この記事はAlembicのv1.8.3を参照しています。 意味がわからなくても最後まで目を通してから、もう一度読むことをお勧めします。 私が理解しているPolyMesh(ポリゴンメッシュ)とXform(メッシュの変形)に関連する項目のみ取り上げます。

また、alembic for realtime renderingやAlembic初期のドキュメントalembic - AlembicPoint9UsersGuide.wikiを読むと良いかもしれません。

Alembicとは

Alembicはレンダリングや物理シミュレーションなどを行う3DCGソフトウェア間でやりとり出来る、 時間ごとの物体の幾何情報を保存したオープンソースのファイル形式である。

ライブラリの構成

Alembicは以下のように機能毎にディレクトリと名前空間が分けられている。 以下の表に必要なものだけを抜粋した。

名前空間 内容
Abc Alembicの基本的なインターフェイスを提供する
AbcCoreAbstract 時間に関するクラス以外ユーザーが見る必要はない
AbcCoreHDF5 HDF5をファイル形式に使った場合の入出力の実装
AbcCoreLayer Alembicファイルへの変更を別のAlembicファイルに書き込んだり、複数のAlembicファイルを読み込んで一つのAlembicファイルにまとめる機能の実装
AbcCoreOgawa Ogawaをファイル形式に使った場合の入出力の実装
AbcGeom Abcを使って、物体の幾何情報や剛体変形を実装している

ファイルの入出力について

OgawaはHDF5よりシングルスレッドだと平均で5倍、マルチスレッドだと同じ操作を行った場合と比較して25倍速く読み込む。 また、ファイルサイズが平均で5-15%小さくなり、小さいオブジェクトが多いほどファイルサイズも小さくなる。 特に理由がなければ、Ogawaを使うことをお勧めする。

AbcCoreLayerで出来ること

以下の表に列挙する。

出来ること
形状に追加のプロパティを追加できる UVがないポリゴンメッシュにUVを追加
プロパティの上書き ポリゴンメッシュ上の静的な点を動く点に変更
新しいオブジェクトの追加 新しい形状を既存の階層に追加
オブジェクトの削除 好みじゃない形状や階層のブランチ全体の削除
プロパティの削除 不正な法線の削除
オブジェクト階層の置き換え 分けられた曲線のグループを一つの大きな曲線に置き換える
プロパティ階層の置き換え ユーザープロパティ内のプロパティを他のプロパティに置き換える

また、Alembicファイルは追記が出来ないため、Pointsなど時系列で保存できない場合は時系列順にファイルに名前を付けて、この機能で読み込むと良い。

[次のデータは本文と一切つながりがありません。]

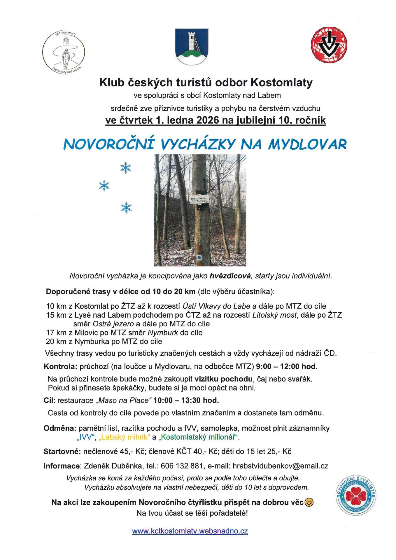 Klub českých turistů, odbor Kostomlaty, ve spolupráci s obcí Kostomlaty nad Labem srdečně zve příznivce turistiky a pohybu na čerstvém vzduchu na jubilejní 10. ročník NOVOROČNÍ VYCHÁZKY NA MYDLOVAR - ve čtvrtek, 1. ledna 2026.
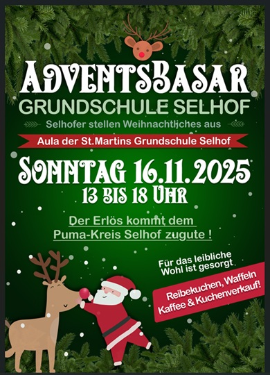 Am Sonntag, den 16. November 2025, laden die ehrenamtlich Engagierten aus Selhof und Bad Honnef herzlich zum stimmungsvollen Adventsbasar in die Aula der St. Martins Grundschule Selhof ein. Von 13 bis 18 Uhr erwartet die Besucher ein liebevoll gestalteter Weihnachtsmarkt mit handgefertigten Geschenkideen und festlicher Dekoration.
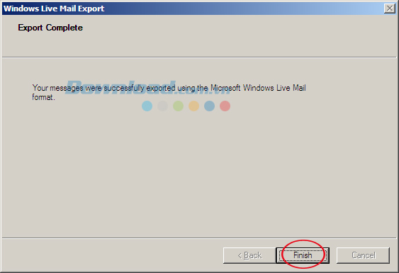 Bước 5: Quá trình sao lưu nhanh hay chậm còn tùy thuộc vào số lượng email. Khi quá trình sao lưu Windows Live Mail hoàn tất, nhấn chuột vào Finish để kết thúc.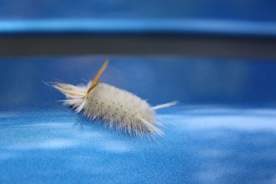 The first of many (many, many, many …) insects to attach themselves to the Kia Spectra – this one would seem to be poisonous but the internet says it’s just a friendly Banded Tussock Moth caterpillar:

AbcCoreLayerはMetaDataを適切に設定するために、Util.h内にSetPruneSetReplaceという便利な関数を提供しているらしい。

主な概念

Alembicでは、入力時に使うクラスにはIが、出力時に使うものにはOが名前の先頭に付く。 ここでは区別する必要がないため、省略する。

Archive

ディスク上の実際のファイル。 すべてのシーンデータを持つトップレベルのコンテナ。 1つのObjectを持つ。

Object

Alembicの階層の主な単位。 ObjectArchiveObjectをルートとした多分木になっており、親と子供たちを取得することが出来る。 1つのCompoundPropertyを持つ。 ObjectHeaderと呼ばれるメタデータを持ち、SchemaObjectを判定するために使われる。

Schema

ポリゴンメッシュような、ある複雑なオブジェクトを実装するために作られたCompoundProperty

SchemaObject

SchemaCompundPropertyとして持つObjectのこと。

Property

SimpleとCompoundの2種類の型がある。 値を取得するにはSampleSelectorという、ある時点の時刻を表すクラスを与える必要がある。

Simple Property

ScalarとArrayの2種類ある。

ScalarProperty

型と要素の数が固定され、コンパイル時に決まる複数のSampleを持つ。 例として、以下がある。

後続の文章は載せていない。